Behind the Ahoy Process – Ecasting
We’re huge fans of email campaigns here at ahoy. They allow you to reach large numbers of people, but without many of the costs of sending out hundreds or even thousands of printed fliers. Traditionally response rates are also higher from ecasts and are much easier to measure, so there are very few reasons not to consider it. Unfortunately it’s not all plain sailing, and there’s a lot of additional design and technical considerations that have to go into campaigns to get the best results. As the first of many background insights, I thought it worth going into a little(!) detail on just some of what’s involved in building a typical effective ecast here when we’re sending it on behalf of a client.
Email programs and web browsers all have a tendency to display emails differently, and with considerably more limits in what they can and can’t do. If you thought it was bad just with websites, then you’ve seen nothing! Thus building it has to be a co-ordinated effort between the design and development teams here (and yes, we sometimes even have a few healthy arguments; it keeps us all sharp!). The final ecast may even differ a little from the earlier concept designs, but there’ll always be a good reason. It’s a tradeoff between top notch design, and building it in a way which gets the message to the most people.

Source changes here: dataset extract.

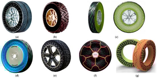 NPT replaces the inflation pressure of the tire with an elastic supporting structure. The integrated tire–rim design is adopted. The vibration is reduced and the ground bump energy is absorbed by the deformation of the rim and the elastic spoke. The concept was first proposed by the American engineer Brian Russell and was initially applied to mountain bike tires. In 2005, Michelin introduced the Tweel NPT (Figure 1a), while the U.S. company Cooper Tire subsequently launched a honeycomb bionic tire (Figure 1b). In 2011, Bridgestone developed a radial spiral mesh NPT (Figure 1c) and introduced the second generation of NPT in 2013 (Figure 1d). In 2014, the BAIC Group launched a negative Poisson’s ratio NPT (Figure 1e), using a negative Poisson’s ratio microstructure material to improve impact resistance. In 2010s, Hankook launched the I-Flex tire (Figure 1f), which employed polyurethane material and irregular honeycomb structure to improve bearing capacity and elasticity; It unveiled the airless ‘I-Flex’ concept in 2015 (Figure 1g). In 2017, Goodyear developed thermoplastic NPTs using thermoplastic materials to simplify the production process. In addition, Nanjing University of Aeronautics and Astronautics developed the ‘mechanical elastic wheel (ME-wheel)’ using hinge-structure support to study its static stiffness and cornering characteristics [4,8,9,10].

It would be very easy for us to design an ecast like a print ad, cut it into a big bunch of images, whack it in and hit send. It would look pixel perfect, and could be developed in minutes. However experience quite quickly shows us this would reach fewer people. Firstly, spam filter software tries to analyse the actual text present in emails. Spammers realised if they didn’t put any readable text in and just embedded text inside images, then such software couldn’t scan it. The anti-spam vendors very quickly caught on, and now almost invariably weight anything with only images as spam likely. Additionally, as most email clients don’t download images now unless told to, you need some text in there to hook your audience into actually hitting that ‘download images’ button in the first place. That text then has to be written in a certain way; you’d be surprised how relatively innocuous sounding phrases like ‘guaranteed’ or poorly worded unsubscribe links will be treat as having a very high risk of being spam. Aside from the text, are we using sender addresses they’ve seen before thus are more likely to trust? Are we writing subject lines that’ll get them to open the email? Are we scheduling a send at an appropriate time of the day for the audience? All stuff we take a lot of time to think about. Then as a final step all new campaigns are also put through thorough testing to make sure it works or degrades gracefully on all the major email clients (not just the one on the dev’s machine), and equally importantly that it passes all spam filters. If it doesn’t; then we go back to the drawing board with it!
A lot goes on behind the scenes many people probably don’t realise, but that’s the ahoy approach to all our work. If we weren’t passionate and thorough about what we do, then it would show quite quickly!